Hotel executives frequently discuss branding, but many of them fail to do it well. So what are hotel companies doing wrong? Senior Hospitality Editor Sean O’Neill turns to Cornell University professor Chekitan Dev, an expert on the subject, for answers.

Dev, who wrote the book Hospitality Branding, said that branding is essentially giving travelers reasons to pick one hotel over others. He uses five adjectives to describe an effective brand — bold, relevant, authentic, novel and distinct. Those adjectives spell out the acronym brand, O’Neill points out.
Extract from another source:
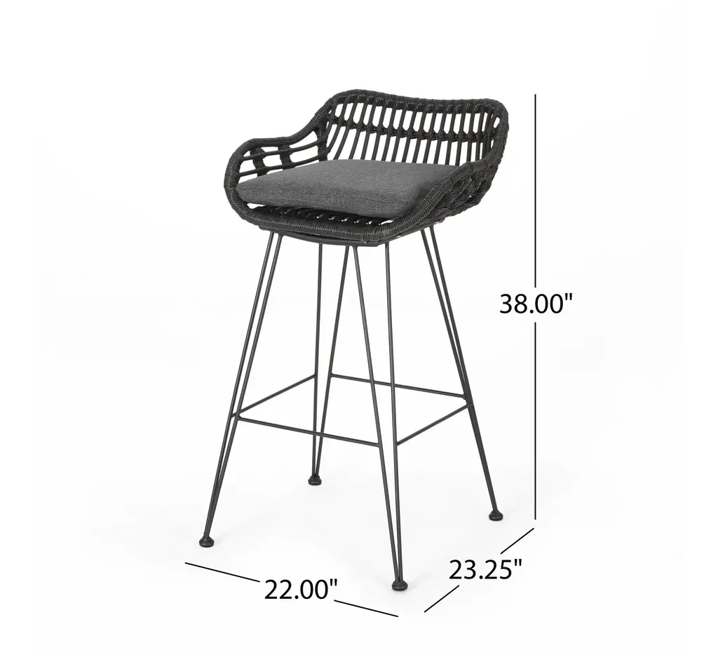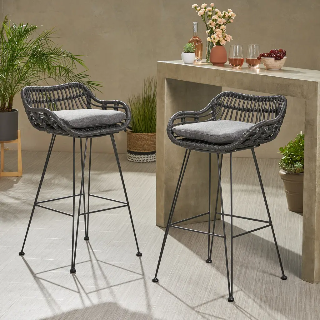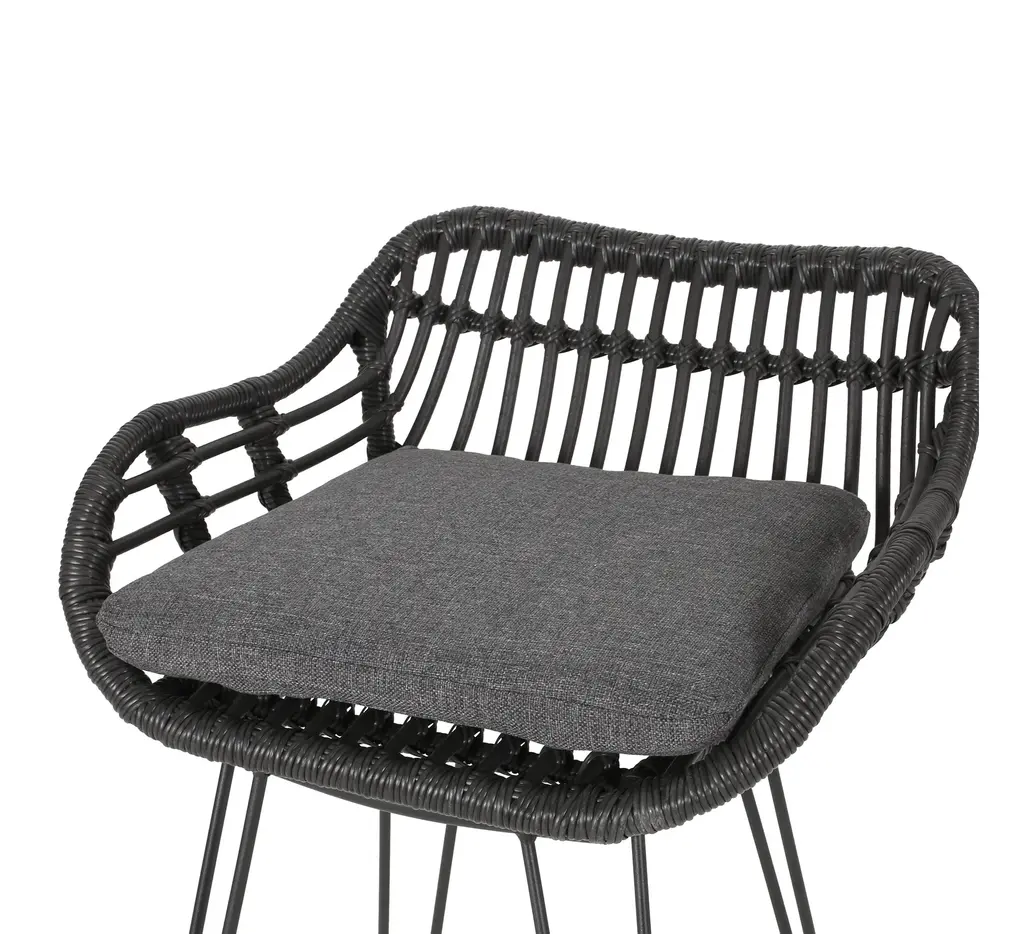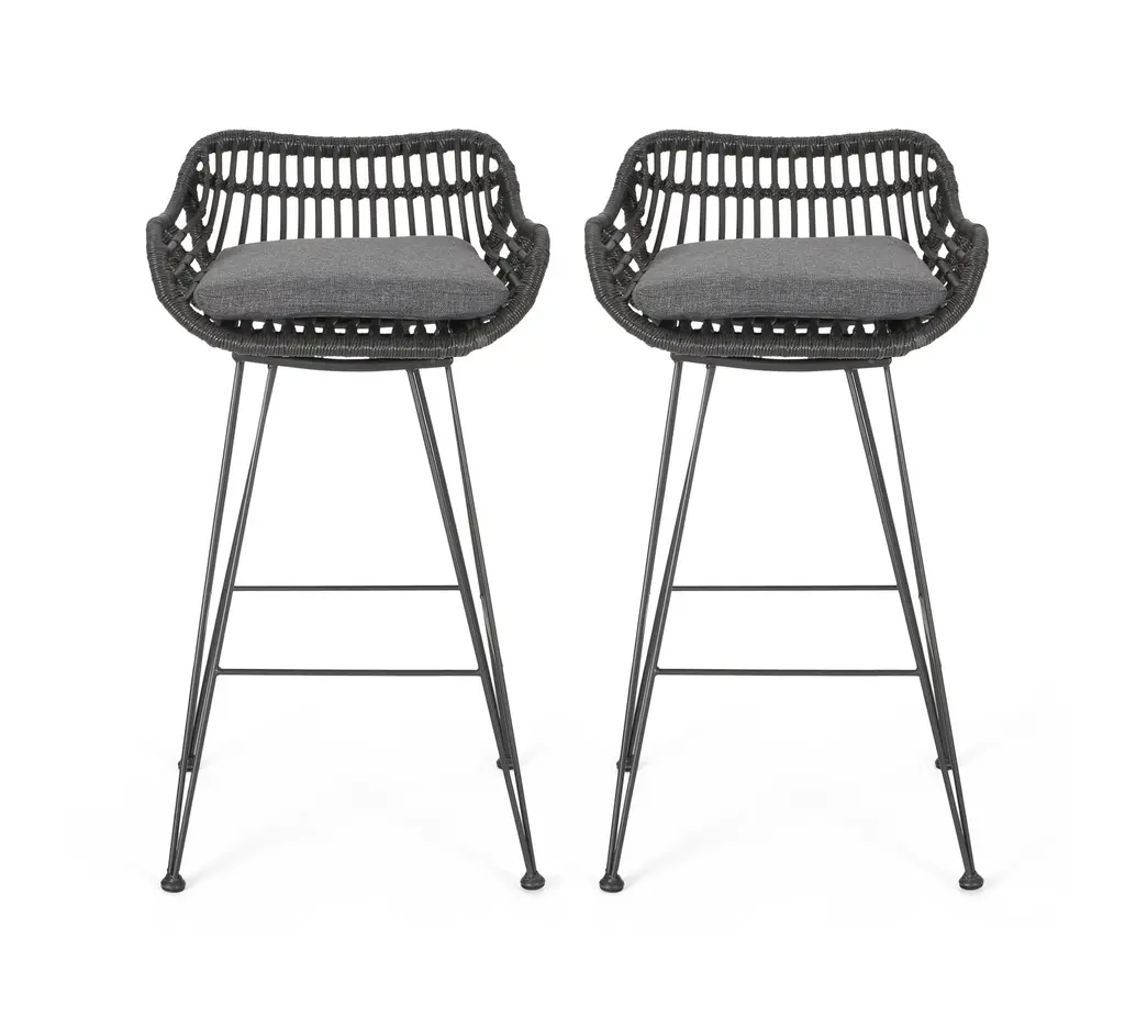 Give your outdoor space an exclusive feel with a sensible and stylish bar stool set. Featuring a delightful hand-wrapped look, our bar stool set provides a timeless style to your home while providing ultimate comfort. This set of stools consists of a metal frame and rattan material, bringing a modern twist to a classic look that is ideal for any style of decor. With a thin angled frame, this charming bar stool set also provides a minimalistic yet durable structure that offers a stylish flair to your space.MODERN: With clean lines contrasted perfectly by its round edges, our rattan bar stool is the ideal modern accessory for your outdoor space. Finished with thin angled legs, this stool not only has a sleek, minimalistic look but also provides a stable structure.POLYETHYLENE RATTAN: Featuring a long-lasting woven seat, this style is not only incredibly durable but also provides a versatile appearance. The handcrafted details of this material allow this piece to blend seamlessly with your outdoor decor.WATER-RESISTANT CUSHIONS: Our cushions are covered with a non-porous material that makes cleaning any spill a breeze. Please note that these cushions are water-resistant and not waterproof. Please do not submerge in water.BARSTOOL HEIGHT: This stool has a seat height of 28.75 inches, making this perfect for a backyard bar or a bistro bar set.ASSEMBLY REQUIRED: Some assembly is required for this set. All of the instructions and tools needed for assembly are included. This comes as a set of two.Includes: Two (2) BarstoolsMaterial: Faux RattanFrame Material: IronCushion Material: Water Resistant FabricCushion Composition: 100% PolyesterFinish: GrayFrame Finish: BlackCushion Color: Dark GrayHand-Crafted DetailsAssembly RequiredDimensions: 23.25 inches deep x 22.00 inches wide x 38.00 inches highSeat Dimensions: 15.50 inches deep x 16.00 inches wide x 30.00 inches highFootrail Height: 12.00 inches
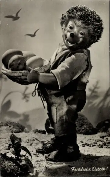 Ak Glückwunsch Ostern, Mecki der Igel, Ostereier

But despite describing branding as conceptually easy, Dev acknowledged poor brand management is also easy to accomplish. He believes that research and development is at an all-time low in the hotel industry, contributing to the large-scale lack of innovation he sees. In addition, the pandemic may have sparked more of so-called brand cheating, O’Neill writes. Parent company-run hotels had on average worse compliance with brand standards than franchised properties, according to research Dev contributed to.

We turn next to Tripadvisor. Its new CEO Matt Goldberg said in his first earnings call at the helm that he aims to enhance the company’s use of data, reports Executive Editor Dennis Schaal.

Goldberg, who assumed the CEO role on July 1, didn’t provide any specifics about strategy changes during Tripadvisor’s second-earnings call. But he believes that Tripadvisor can better use data to improve the customer experience and boost its partners’ return on investment. Goldberg cited his experience running data-driven businesses as the reason for his confidence. Meanwhile, Chief Financial Officer Ernst Teunissen raised the possibility that Tripadvisor would make acquisitions to complement its brands Viator and TheFork.

Tripadvisor generated $31 million in net income during the second quarter, in contrast to a $40 million net loss the same period last year.

We finish today in Gibraltar. The longtime UK territory could get a significant tourism boost thanks to a treaty that would abolish border controls with Spain, writes Contributor Sonia Menken.

Menken writes that a treaty allowing Gibraltar to join the European Union’s Schengen Area by the end of 2022 is being negotiated. Citizens of the area’s 26 nations can travel freely in the region without having to display a passport or national identity card. Gibraltar’s officials have said its economy would benefit significantly from joining the Schengen Area. The territory is home to the renowned limestone promontory The Rock, which would likely see more visitors.

Joining the Schengen Area would likely push more Spaniards to work in Gibraltar. Roughly 16,000 Spaniards already cross the border to work daily in Gibraltar.